The approval-gate model is the feature that separates Nimbus from a raw LLM with cloud credentials bolted on. Every destructive or state-changing action routes through a review step before execution. For a platform team that needs to hand off routine ops work to an agent without handing over unilateral change authority, this is the structural guarantee that makes adoption defensible. The agent works while engineers are offline — the tagline is literal — but nothing lands in production without a sign-off in the queue.
Nimbus fits multi-cloud shops running AWS and GCP that want to self-host the agent runtime so cloud credentials never leave their own infrastructure.
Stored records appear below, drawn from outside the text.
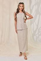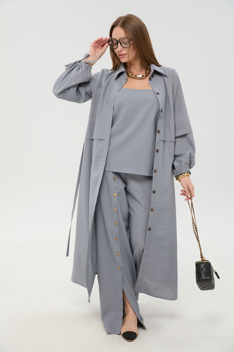 Костюм трехпредметный: состоит из кардигана-платья, брюк и топа. Платье-кардиган макси с центральной отрезной застёжкой на потайную планку на петли и пуговицы. По переду и спинке цельнокроеные складки на уровне талии. Рукав втачной, одношовный рубашечного типа. По низу рукава пробиты петли и вставлена завязка для фиксации сборки . Воротник рубашечный стояче отложной. В комплект к изделию идёт пояс из основной ткани для максимально комфортного регулирования объёма. Брюки свободного кроя, верхний срез представлен широкой резинкой, с карманами. По центру правой брючины расположена планка с функционирующими петлями и пуговицами. Топ на тонких регулируемых бретелях.
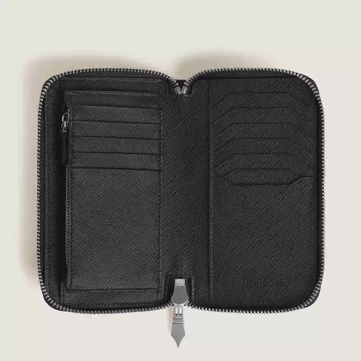 Esta funcional cartera con cremallera combina un estilo atemporal con una funcionalidad práctica. Confeccionada en piel Sartorial repujada en un elegante color fauve, cuenta con un distintivo tirador de metal con forma de plumín, en homenaje a la tradición de Montblanc en el mundo de la escritura. En el interior, la cartera ofrece 12 ranuras para tarjetas de crédito, un monedero con cremallera y tres bolsillos adicionales para recibos u otros objetos esenciales.
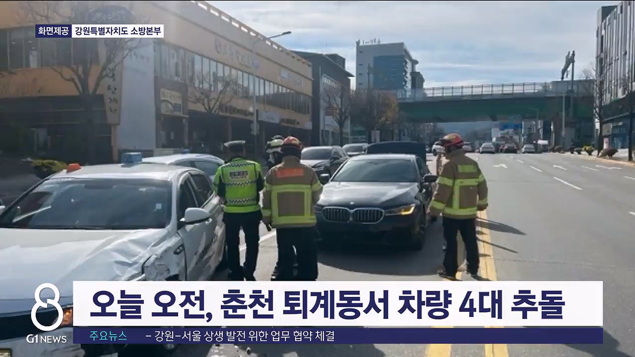 오늘(8일) 오전 11시 58분쯤 춘천시 퇴계동의 한 도로에서 차량 4대가 잇따라 추돌하는 사고가 발생했습니다.
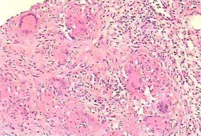 結(jié)核球又名結(jié)核瘤,是與周圍組織境界分明的球形干酪樣壞死灶。鏡下觀,結(jié)核瘤的中心部有程度不等的干酪樣壞死灶,有的已發(fā)生鈣化,周圍可見有Langhans巨細(xì)胞及類上皮細(xì)胞的結(jié)核性肉芽組織。
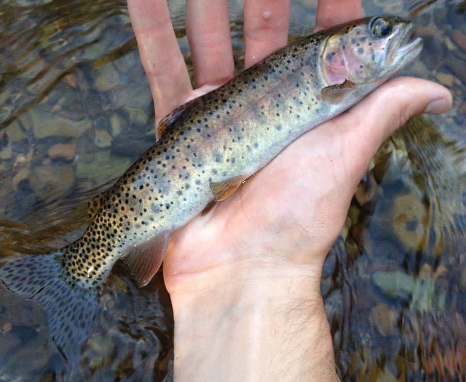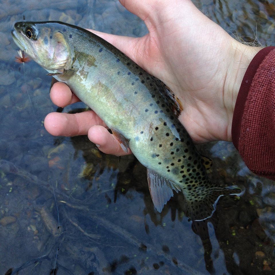 A stream flowed within earshot of our tents; a small feeder tributary of the Logan River. I hadn’t packed any food for myself and optimistically planned on eating trout. After setting up camp, I got the fly rod out and went to business. I knew prior to the trip that the Logan River is home to Bear River cutthroats, brown and rainbow trout, but was discouraged when I read an old DNR report that this particular tributary was “Brown trout dominant”. So I didn’t get my hopes up for catching this specie of cutthroat here.
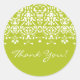 Our elegant white damask on a spring green background thank you stickers are the Perfect finishing touch for you thank you notes or bridal shower favours. Matching items available in our shop @ www.celebrateitinvites.com. This item is available in a variety of colour combinations!

The BSL-1.1 license means the source is available and auditable, with a paid commercial path from the licensor for teams that need it. Where the tool shows its limits: the agent’s reach is bounded by the integrations already built into the project. Exotic cloud configurations, niche provider APIs, or non-standard IAM setups will hit gaps. Teams extending coverage write new tool definitions themselves, which means accepting ongoing maintenance on top of the agent layer.
Deployment is Docker or source install. The API is exposed for teams that want to trigger Nimbus from existing internal tooling rather than through its own interface. Repository connectivity for PR creation is part of the documented workflow, though the specific VCS integrations supported are not exhaustively enumerated in public documentation — verify against your stack before committing to the architecture.